As a banker to the government the central bank performs a variety of functions. It acts as a government agent in making payments and receiving money on its (the government’s) behalf. It is in charge of supplying currency and maintaining fiduciary reserves and foreign exchange reserves. It is the only financial agency that can issue currency. It also has to control the rate of exchange of the currency in foreign trade and maintain the value of currency internally. It needs to provide financial and loan resources and maintain these accounts for the government. As a banker’s bank it acts exactly in the manner that commercial bankers act with their customers. It accepts deposits in the form of statutory reserves from banks. It rediscounts banker’s bills and provides financial assistance to them. It supervises and advises commercial bankers in various respects. Another fundamental function is to control credit created by commercial banks.

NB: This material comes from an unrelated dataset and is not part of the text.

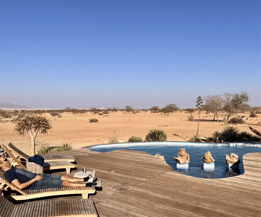 Verscholen tussen de rotsformaties bij Solitaire ligt Solitaire Desert Farm: een kindvriendelijke lodge in Namibië met zwembad, uitzicht over de woestijn en volop mogelijkheden voor safari-avonturen.
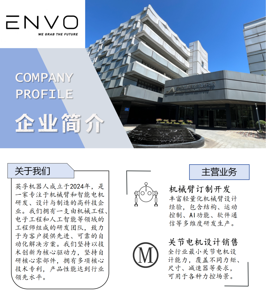 英孚机器人成立于2024年,是浙江省科技型中小企业,专攻于轻量化机器人及其关节电机的研发制造。依托自身强大的研发能力,英孚机器人不断迭代推出高性能产品,包括轻量化谐波系列一体化关节、摆线系列一体化关节、轻量化scara机械臂、轻量化六轴机械臂等。公司持续秉承以客户为中心,致力于成为全球轻量化机器人的优秀零部件及解决方案的供应商。

ii) The Federal Reserve Bank: The central bank of the U.S., the Federal Reserve Bank (or ’Fed’ as it is usually referred to), is in charge of issuing all the currency of the country i.e. the Federal Reserve Notes. The commercial banks keep their share of bank reserves with the Fed. As the Fed is the clearing house i.e. the place where all the transactions between the banks can take place (say the clearing of checks), the commercial banks maintain a section of their required reserves with it.

Now consider the Balance Sheet of the Fed. Any Balance Sheet would list the Assets on the left side and the Liabilities on the right. The Assets section of the Balance Sheet of the Fed consists of a huge amount of government debt that is present in the form of U.S. government bonds. The U.S. Treasury issues these bonds in order to pay for the deficits of the present as well as past governments. Now the Liabilities section of the Balance Sheet of the Fed comprises of all the Federal Reserve Notes (U.S. currency) in circulation as well as all ’reserves’ held with the Fed, which are actually private bank deposits. An important thing to remember is that the Fed’s total liabilities will always equal its total assets.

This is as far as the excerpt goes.